To assess the demographics, the reason for referral to dermatology service, the wait time for first specialist appointments and diagnoses of each ethnic group.

Skills

This will be a retrospective chart review. The student will be involved in designing a robust medical record review using data stored in the electronic notes of patients visiting the Dermatology Department, ADHB. The student will need to be aware of the limitations of this study design and formulate ways to minimise these to optimise the value of this research project. The student will need to enter data into appropriate software to allow ease of analysis, which will involve working with a statistician as well colleagues in population health. The student will be asked to present at the national Dermatology meeting and this may be published in peer reviewed publications.  This project will lay the foundation for further research in the field of ethnic dermatology and skin of colour. Ultimately, my hope is that the student will contribute valuable research so that all ethnic groups have equal and fair access to our service in the future.

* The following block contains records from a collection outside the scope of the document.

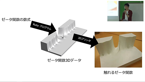 で、「触りたい!」と思って、Rubyのプログラムを使って、ゼータ関数の数式の3Dデータを作りまして、3Dプリンタで「触れるゼータ関数」を作りました。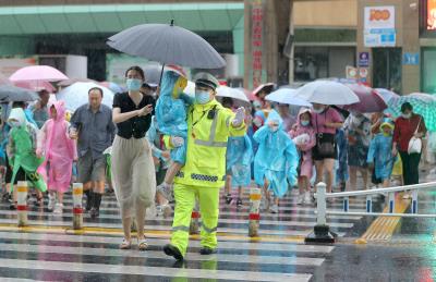 6月27日傍晚,湖北省荊門市公安局交警支隊(duì)民警在雨中,護(hù)送學(xué)生安全過馬路。當(dāng)天,荊門市發(fā)布暴雨橙色預(yù)警,荊門市公安局交警支隊(duì)民輔警提前到達(dá)各個(gè)護(hù)學(xué)崗點(diǎn),在雨中積極疏導(dǎo)交通,護(hù)送學(xué)生安全過馬路,確保學(xué)校門前及周邊道路交通安全暢通。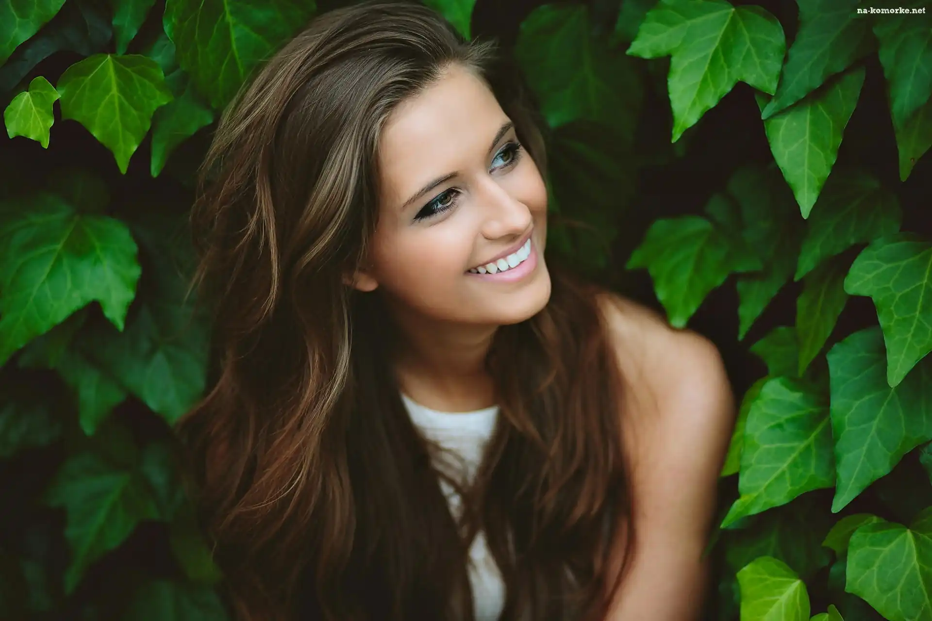 Liście, Uśmiechnięta, Dziewczyna, Makijaż, Drzewo na Komórkę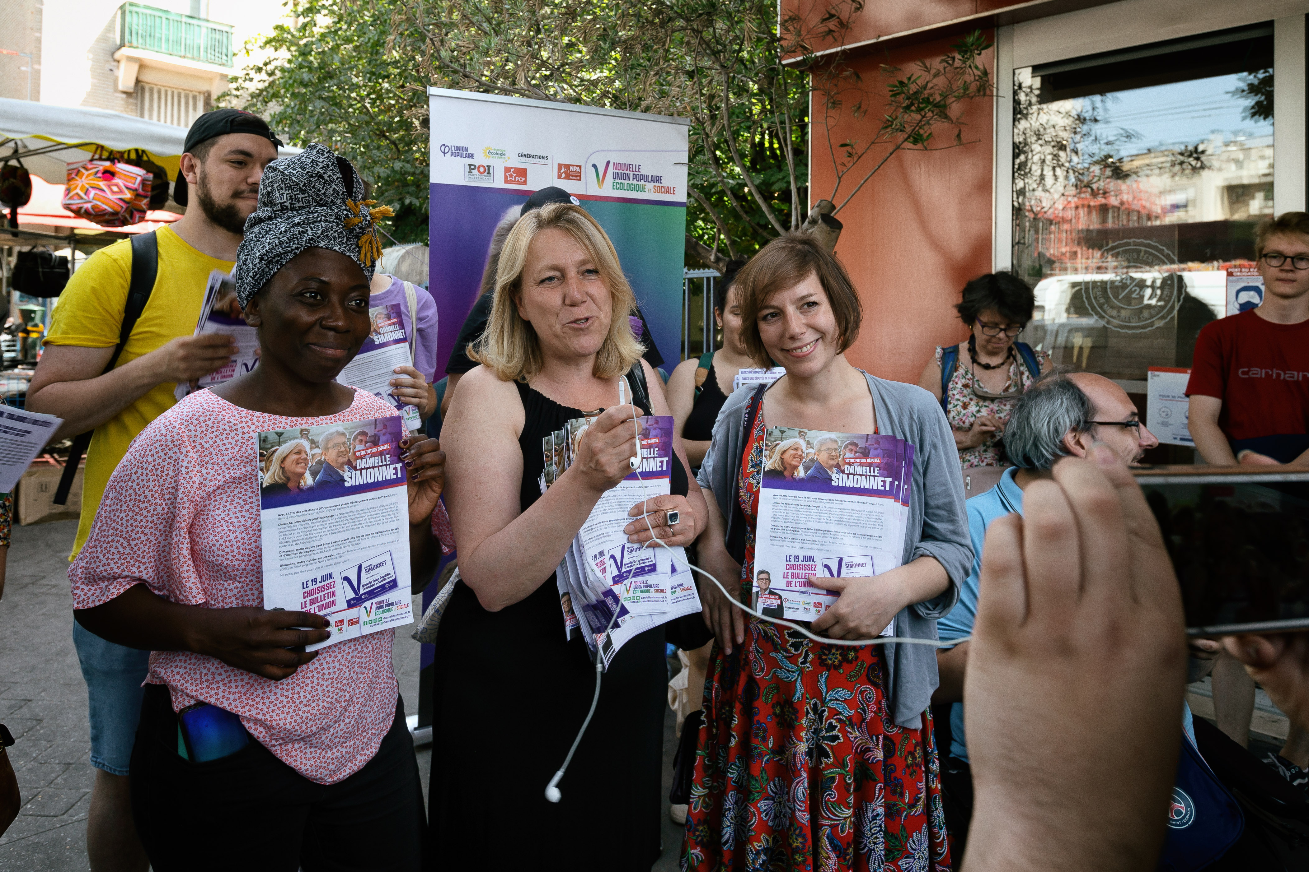 Télécharger la photo “FRANCE - DISTRIBUTION OF NUPES LEAFLETS AT THE PORTE DE MONTREUIL MARKET”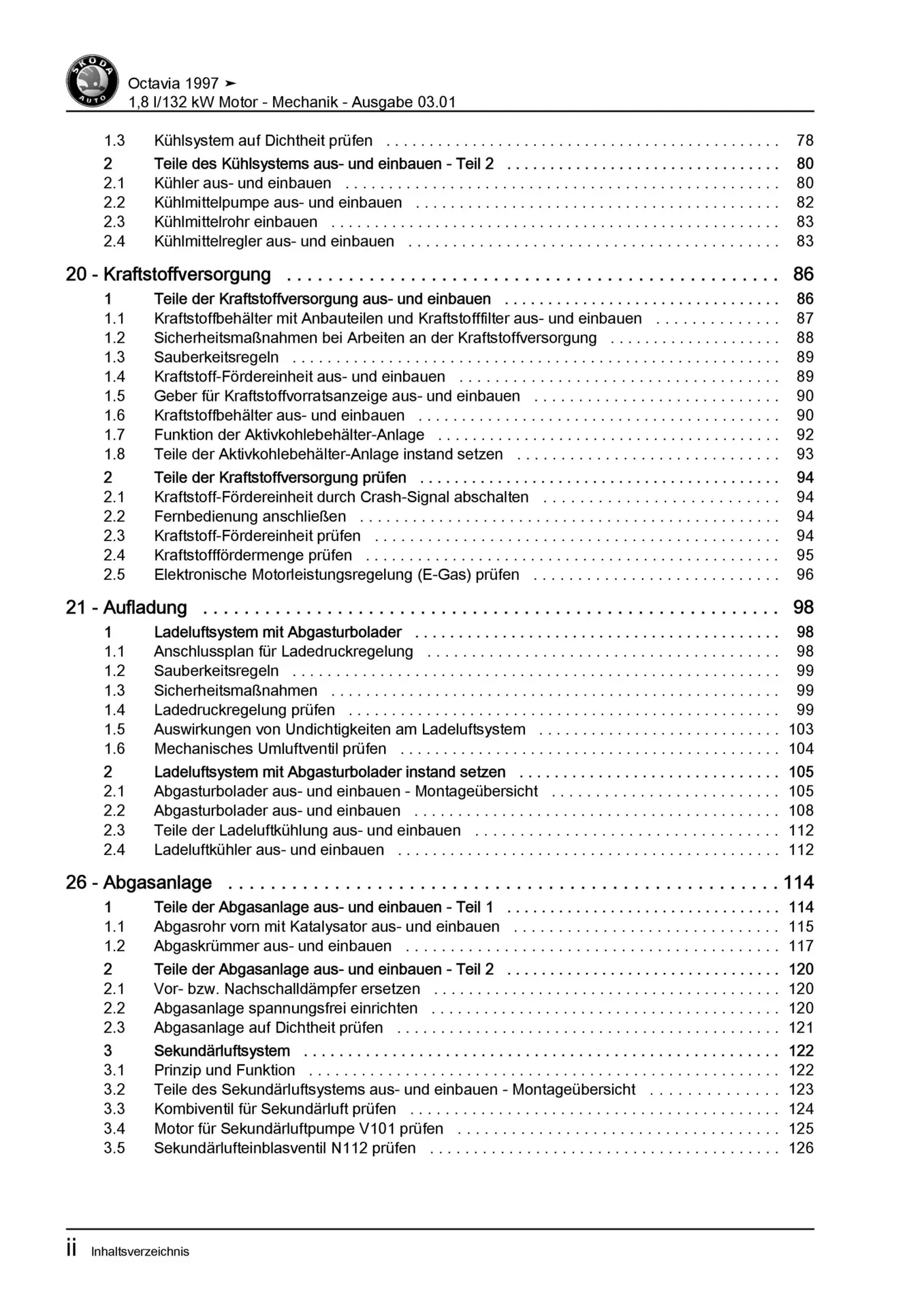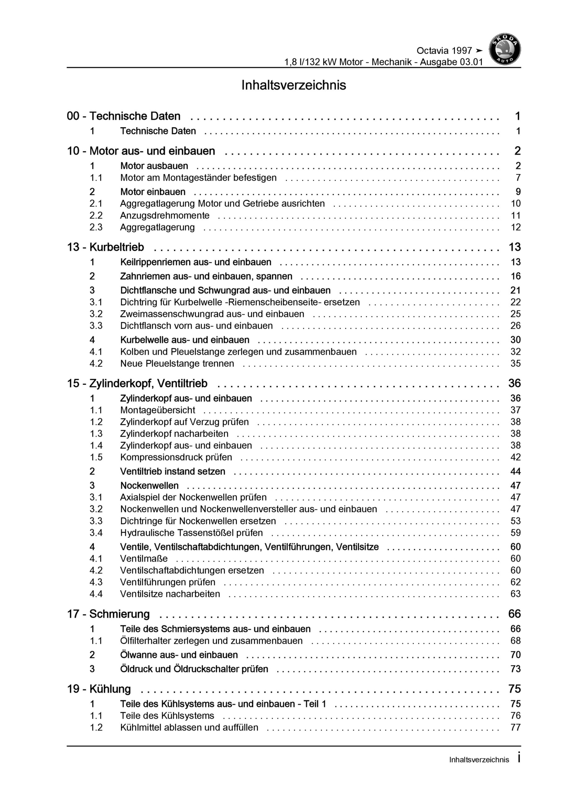 SKODA Octavia 1U 1996-2010 1,8l Benzinmotor 180 PS Mechanik Reparaturanleitung

A systematic evaluation of lifestyle interventions which may reduce heart disease risk

Project code:  MHS166

Department

Medicine

Location

Auckland City Hospital

Although ‘lifestyle’ is an important determinant of the risk of heart disease, the quality of evidence on the benefits of different ‘lifestyle’ interventions, which include diet, exercise, weight reduction, stress management, and treatment of depression, is modest.  Much of the evidence for common interventions is from observational studies which are prone to bias.  Some clinical trials have been undertaken but even randomised trials can be misleading if they have low statistical power, or if conclusions are based on surrogate measures.

The summer student will assist with a systematic analysis of observational and randomised studies of selected ‘lifestyle’ interventions for secondary prevention of coronary heart disease. With the team the student will choose one lifestyle intervention (eg weight reduction, or depression screening and treatment).  The aim will be to evaluate the strengths and weaknesses of the available evidence. This will involve a review of observational data and randomised trials to identifying key information on outcomes, for calculation of effect sizes and statistical power, and meta-analysis when appropriate.

Skills

The student would work with Prof. Ralph Stewart, a biostatistician, and members of the cardiovascular research unit.  The studentship would provide an opportunity to understand cardiovascular disease prevention, research methods, clinical ‘evidence’ based guidelines, statistics and scientific publication, as part of a research team.